* [Task brief]: Exclude all pictures from your copy of the data below, which should otherwise match exactly.

* [Stored data]:
---
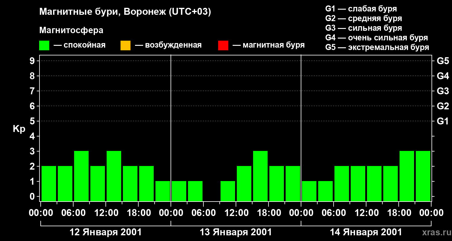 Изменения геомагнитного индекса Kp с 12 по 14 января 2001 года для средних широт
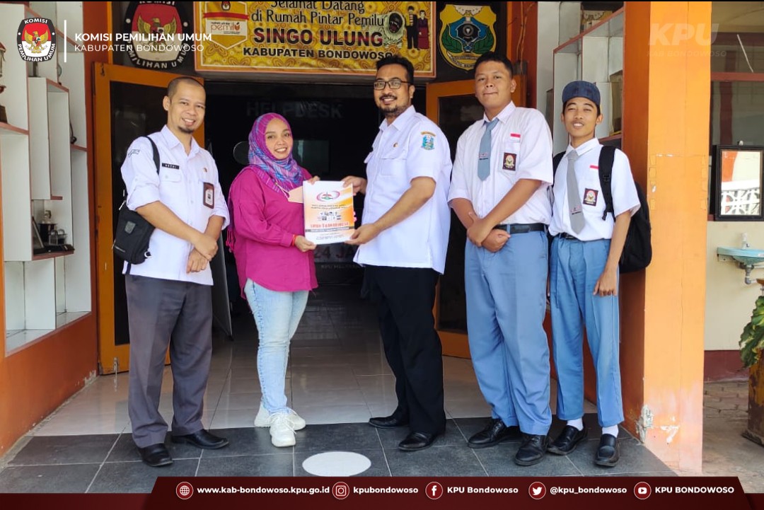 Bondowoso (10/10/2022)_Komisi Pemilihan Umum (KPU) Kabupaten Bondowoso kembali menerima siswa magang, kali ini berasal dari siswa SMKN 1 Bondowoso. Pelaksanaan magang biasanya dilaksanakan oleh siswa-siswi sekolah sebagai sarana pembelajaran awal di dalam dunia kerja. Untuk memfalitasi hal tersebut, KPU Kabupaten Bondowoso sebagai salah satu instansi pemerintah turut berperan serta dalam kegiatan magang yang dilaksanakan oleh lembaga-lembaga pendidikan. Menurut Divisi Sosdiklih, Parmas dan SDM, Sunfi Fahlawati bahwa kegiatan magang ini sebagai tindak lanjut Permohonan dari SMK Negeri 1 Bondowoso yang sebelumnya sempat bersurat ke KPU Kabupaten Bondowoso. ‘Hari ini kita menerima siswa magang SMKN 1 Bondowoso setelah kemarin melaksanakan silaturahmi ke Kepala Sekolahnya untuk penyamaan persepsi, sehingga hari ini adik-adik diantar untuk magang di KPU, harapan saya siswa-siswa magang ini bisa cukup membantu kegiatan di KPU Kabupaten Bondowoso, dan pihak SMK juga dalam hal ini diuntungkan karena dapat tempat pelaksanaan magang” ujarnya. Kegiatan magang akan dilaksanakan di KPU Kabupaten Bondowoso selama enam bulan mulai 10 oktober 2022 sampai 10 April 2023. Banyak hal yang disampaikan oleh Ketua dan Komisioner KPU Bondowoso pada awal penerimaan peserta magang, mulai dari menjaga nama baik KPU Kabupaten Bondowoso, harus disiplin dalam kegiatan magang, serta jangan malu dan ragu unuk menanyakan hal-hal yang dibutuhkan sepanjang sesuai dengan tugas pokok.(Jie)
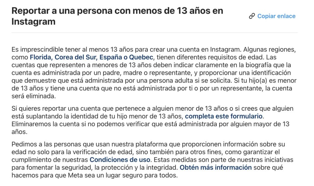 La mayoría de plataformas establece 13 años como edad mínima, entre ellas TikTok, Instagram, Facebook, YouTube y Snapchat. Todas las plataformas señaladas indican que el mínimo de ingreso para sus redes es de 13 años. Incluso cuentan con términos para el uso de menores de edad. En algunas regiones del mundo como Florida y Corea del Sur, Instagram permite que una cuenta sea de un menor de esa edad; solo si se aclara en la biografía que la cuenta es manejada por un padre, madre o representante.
---
* [Response to this exercise]:
 Изменения геомагнитного индекса Kp с 12 по 14 января 2001 года для средних широт
 Bondowoso (10/10/2022)_Komisi Pemilihan Umum (KPU) Kabupaten Bondowoso kembali menerima siswa magang, kali ini berasal dari siswa SMKN 1 Bondowoso. Pelaksanaan magang biasanya dilaksanakan oleh siswa-siswi sekolah sebagai sarana pembelajaran awal di dalam dunia kerja. Untuk memfalitasi hal tersebut, KPU Kabupaten Bondowoso sebagai salah satu instansi pemerintah turut berperan serta dalam kegiatan magang yang dilaksanakan oleh lembaga-lembaga pendidikan. Menurut Divisi Sosdiklih, Parmas dan SDM, Sunfi Fahlawati bahwa kegiatan magang ini sebagai tindak lanjut Permohonan dari SMK Negeri 1 Bondowoso yang sebelumnya sempat bersurat ke KPU Kabupaten Bondowoso. ‘Hari ini kita menerima siswa magang SMKN 1 Bondowoso setelah kemarin melaksanakan silaturahmi ke Kepala Sekolahnya untuk penyamaan persepsi, sehingga hari ini adik-adik diantar untuk magang di KPU, harapan saya siswa-siswa magang ini bisa cukup membantu kegiatan di KPU Kabupaten Bondowoso, dan pihak SMK juga dalam hal ini diuntungkan karena dapat tempat pelaksanaan magang” ujarnya. Kegiatan magang akan dilaksanakan di KPU Kabupaten Bondowoso selama enam bulan mulai 10 oktober 2022 sampai 10 April 2023. Banyak hal yang disampaikan oleh Ketua dan Komisioner KPU Bondowoso pada awal penerimaan peserta magang, mulai dari menjaga nama baik KPU Kabupaten Bondowoso, harus disiplin dalam kegiatan magang, serta jangan malu dan ragu unuk menanyakan hal-hal yang dibutuhkan sepanjang sesuai dengan tugas pokok.(Jie)
 La mayoría de plataformas establece 13 años como edad mínima, entre ellas TikTok, Instagram, Facebook, YouTube y Snapchat. Todas las plataformas señaladas indican que el mínimo de ingreso para sus redes es de 13 años. Incluso cuentan con términos para el uso de menores de edad. En algunas regiones del mundo como Florida y Corea del Sur, Instagram permite que una cuenta sea de un menor de esa edad; solo si se aclara en la biografía que la cuenta es manejada por un padre, madre o representante.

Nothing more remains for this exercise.